Records from a data source
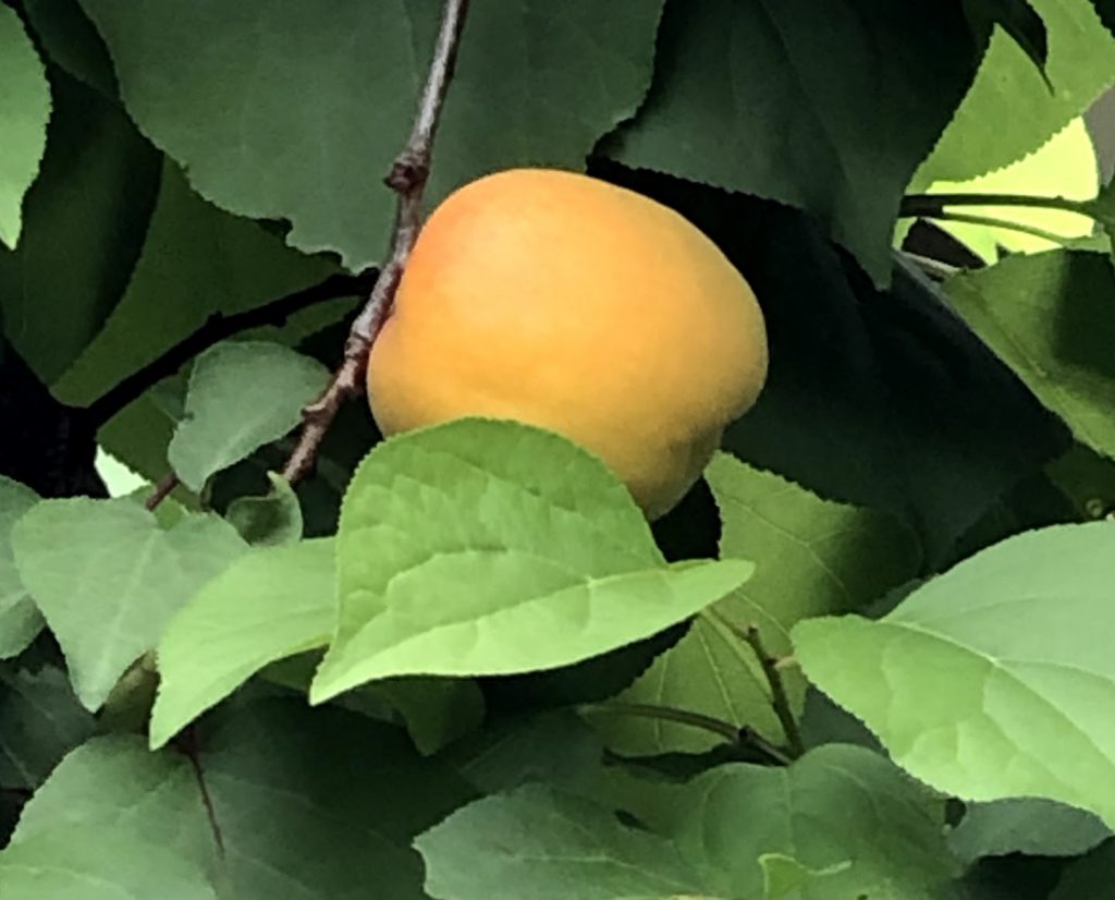 アンズの果実の大きさは品種にもよりますが、「ウメ」程の物から「スモモ」くらいで、果皮の表面は産毛は無く「ネクタリン」のようで、果皮の色は黄色から橙で日光に当たっていたところが赤みを帯びています。
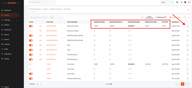 - Ensure each cost code includes budgeted hours, quantities, amounts, and units of measure. If any of these are missing, click the three-dot icon and select Edit to add/edit the necessary details.
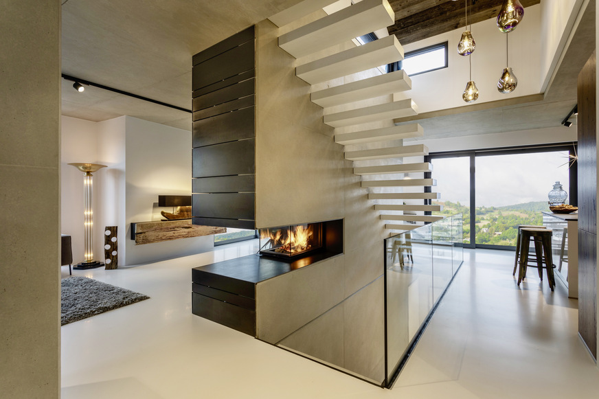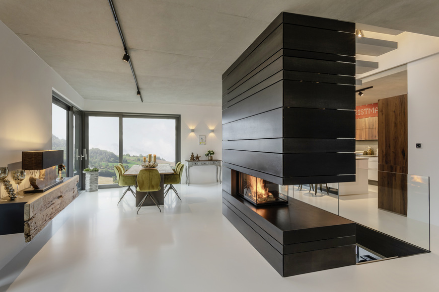 Dieses Feuermöbel besticht in erster Linie durch die Einbindung in die Architektur des extravaganten Hauses. Perfekt eingespannt in eine 24 Zentimeter dicke Sichtbetonwand ist das lodernde Flammenbild selbst in der Küche noch zu sehen. Von der Wohnzimmerseite aus dominieren die 8 Millimeter starken Stahllamellen die Optik.
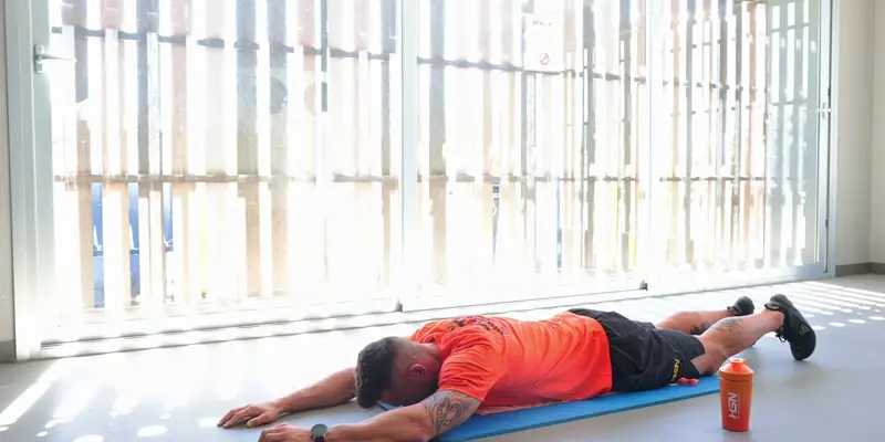 💪 Esecuzione: sdraiato a pancia in su, solleva leggermente gambe e spalle da terra mantenendo la zona lombare aderente al suolo e il core contratto. Tieni le braccia distese sopra la testa o lungo i fianchi.
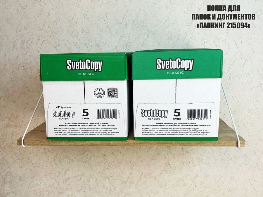 В корзину Купить в 1 клик Полка для папок и документов "ПАПКИНГ 215094" высота 26 см размер 60х30 см белый и дуб сонома
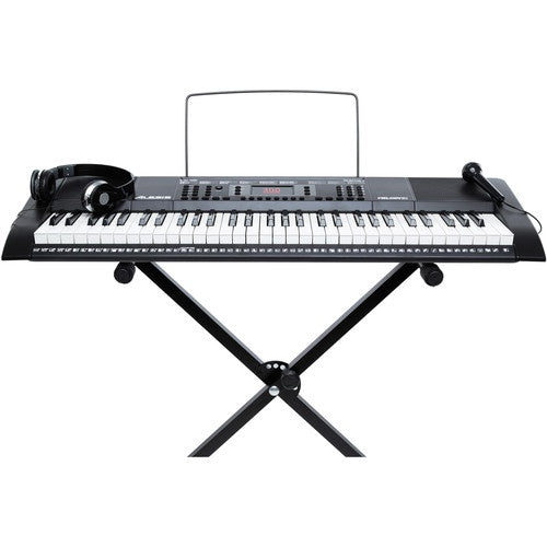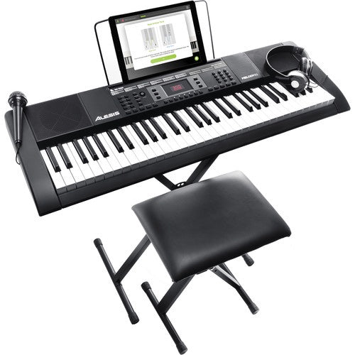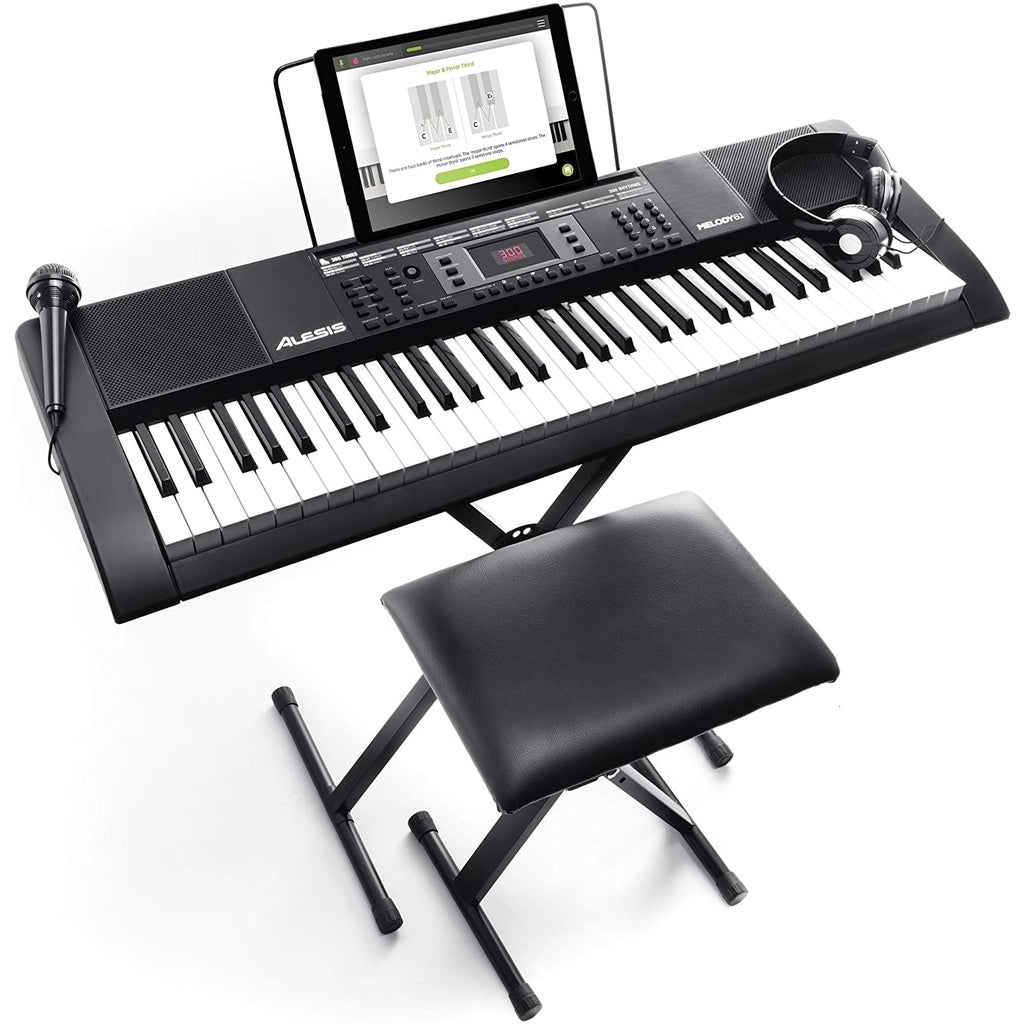The MELODY 61 keyboard provides everything you need to get started and learn to play today. It includes: an easy-to-assemble stand, a bench with three adjustable height settings, headphones that automatically mute the speakers for private practice, a power adapter, and a microphone for singing along while you play.

What you are asked to do » What is needed is an exact output of the records above, with every picture left out.

Solution »
 アンズの果実の大きさは品種にもよりますが、「ウメ」程の物から「スモモ」くらいで、果皮の表面は産毛は無く「ネクタリン」のようで、果皮の色は黄色から橙で日光に当たっていたところが赤みを帯びています。
 - Ensure each cost code includes budgeted hours, quantities, amounts, and units of measure. If any of these are missing, click the three-dot icon and select Edit to add/edit the necessary details.
 Dieses Feuermöbel besticht in erster Linie durch die Einbindung in die Architektur des extravaganten Hauses. Perfekt eingespannt in eine 24 Zentimeter dicke Sichtbetonwand ist das lodernde Flammenbild selbst in der Küche noch zu sehen. Von der Wohnzimmerseite aus dominieren die 8 Millimeter starken Stahllamellen die Optik.
 💪 Esecuzione: sdraiato a pancia in su, solleva leggermente gambe e spalle da terra mantenendo la zona lombare aderente al suolo e il core contratto. Tieni le braccia distese sopra la testa o lungo i fianchi.
 В корзину Купить в 1 клик Полка для папок и документов "ПАПКИНГ 215094" высота 26 см размер 60х30 см белый и дуб сонома
The MELODY 61 keyboard provides everything you need to get started and learn to play today. It includes: an easy-to-assemble stand, a bench with three adjustable height settings, headphones that automatically mute the speakers for private practice, a power adapter, and a microphone for singing along while you play.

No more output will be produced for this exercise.